Problem to solve:
Omit all pictures. Copy exactly the lines from the line containing "De poëzieweek staat" to the end of the listing, with both ends included.

Collected material:
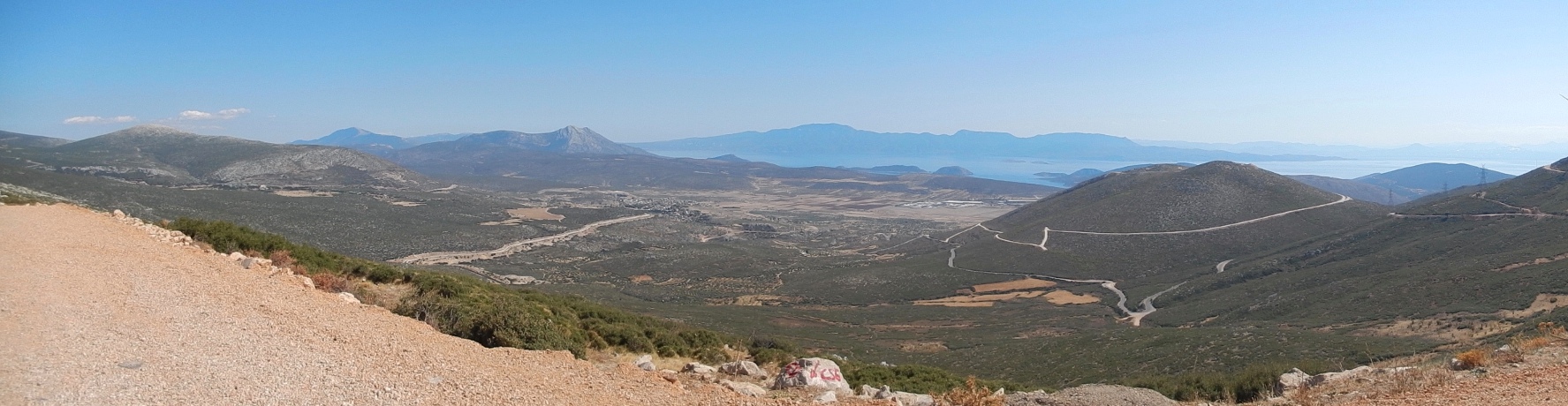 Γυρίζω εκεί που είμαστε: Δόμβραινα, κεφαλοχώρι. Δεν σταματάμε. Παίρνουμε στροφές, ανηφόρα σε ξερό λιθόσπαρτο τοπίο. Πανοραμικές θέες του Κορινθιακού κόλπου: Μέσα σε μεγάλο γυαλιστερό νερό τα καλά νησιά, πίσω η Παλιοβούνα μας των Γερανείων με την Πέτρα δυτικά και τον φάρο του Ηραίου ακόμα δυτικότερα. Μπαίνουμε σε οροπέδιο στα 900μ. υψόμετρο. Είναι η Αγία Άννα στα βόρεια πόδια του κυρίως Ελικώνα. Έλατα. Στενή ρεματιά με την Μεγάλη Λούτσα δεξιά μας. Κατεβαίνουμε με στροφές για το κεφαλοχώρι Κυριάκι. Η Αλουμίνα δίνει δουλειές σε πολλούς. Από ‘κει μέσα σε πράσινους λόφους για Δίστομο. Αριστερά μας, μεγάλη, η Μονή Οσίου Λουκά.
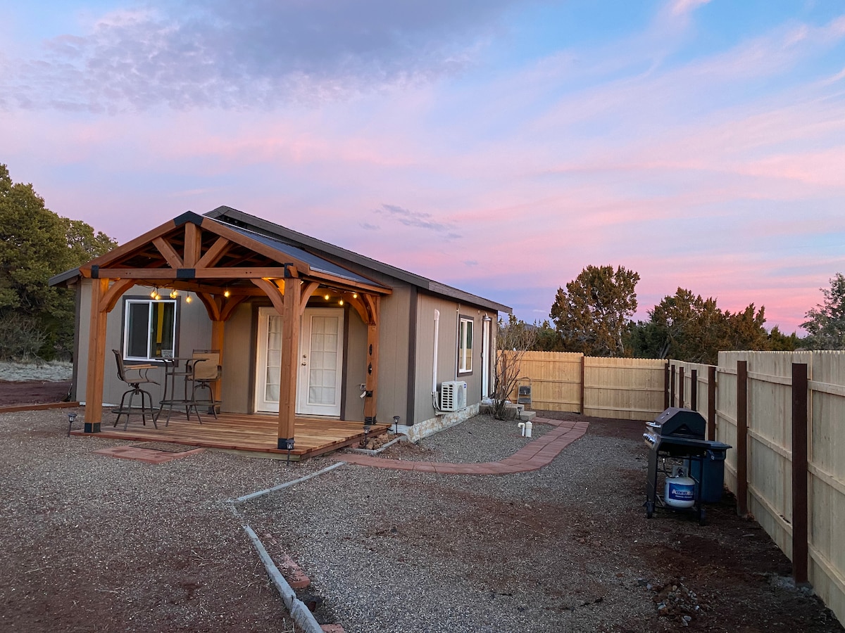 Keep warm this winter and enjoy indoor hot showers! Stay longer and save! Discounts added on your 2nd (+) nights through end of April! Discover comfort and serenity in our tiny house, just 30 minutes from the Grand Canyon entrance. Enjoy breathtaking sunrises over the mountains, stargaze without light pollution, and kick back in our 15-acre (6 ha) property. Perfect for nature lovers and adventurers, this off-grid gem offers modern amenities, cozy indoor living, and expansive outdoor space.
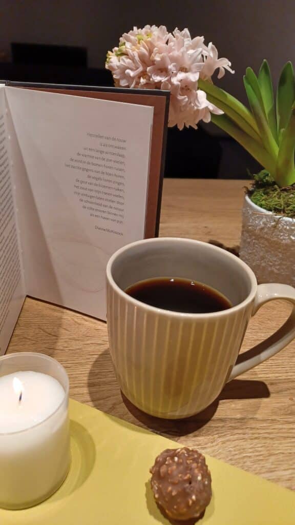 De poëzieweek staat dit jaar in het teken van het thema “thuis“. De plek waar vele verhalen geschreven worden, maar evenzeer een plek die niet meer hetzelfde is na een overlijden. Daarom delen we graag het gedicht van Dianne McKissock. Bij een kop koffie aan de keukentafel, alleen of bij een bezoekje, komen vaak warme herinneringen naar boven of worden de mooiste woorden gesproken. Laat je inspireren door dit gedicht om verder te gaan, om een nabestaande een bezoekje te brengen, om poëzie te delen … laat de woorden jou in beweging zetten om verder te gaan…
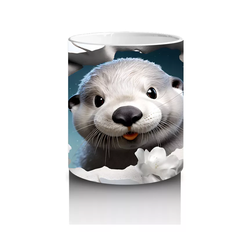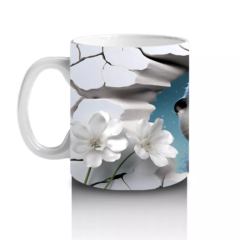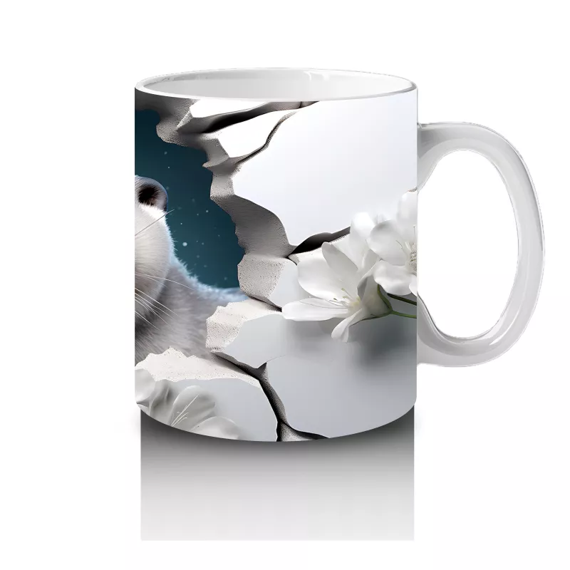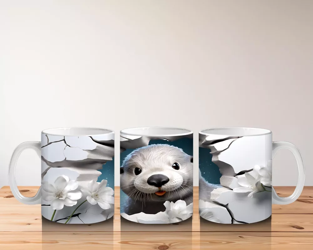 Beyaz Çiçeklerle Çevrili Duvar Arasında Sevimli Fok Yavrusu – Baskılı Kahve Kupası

Written solution:
 De poëzieweek staat dit jaar in het teken van het thema “thuis“. De plek waar vele verhalen geschreven worden, maar evenzeer een plek die niet meer hetzelfde is na een overlijden. Daarom delen we graag het gedicht van Dianne McKissock. Bij een kop koffie aan de keukentafel, alleen of bij een bezoekje, komen vaak warme herinneringen naar boven of worden de mooiste woorden gesproken. Laat je inspireren door dit gedicht om verder te gaan, om een nabestaande een bezoekje te brengen, om poëzie te delen … laat de woorden jou in beweging zetten om verder te gaan…
 Beyaz Çiçeklerle Çevrili Duvar Arasında Sevimli Fok Yavrusu – Baskılı Kahve Kupası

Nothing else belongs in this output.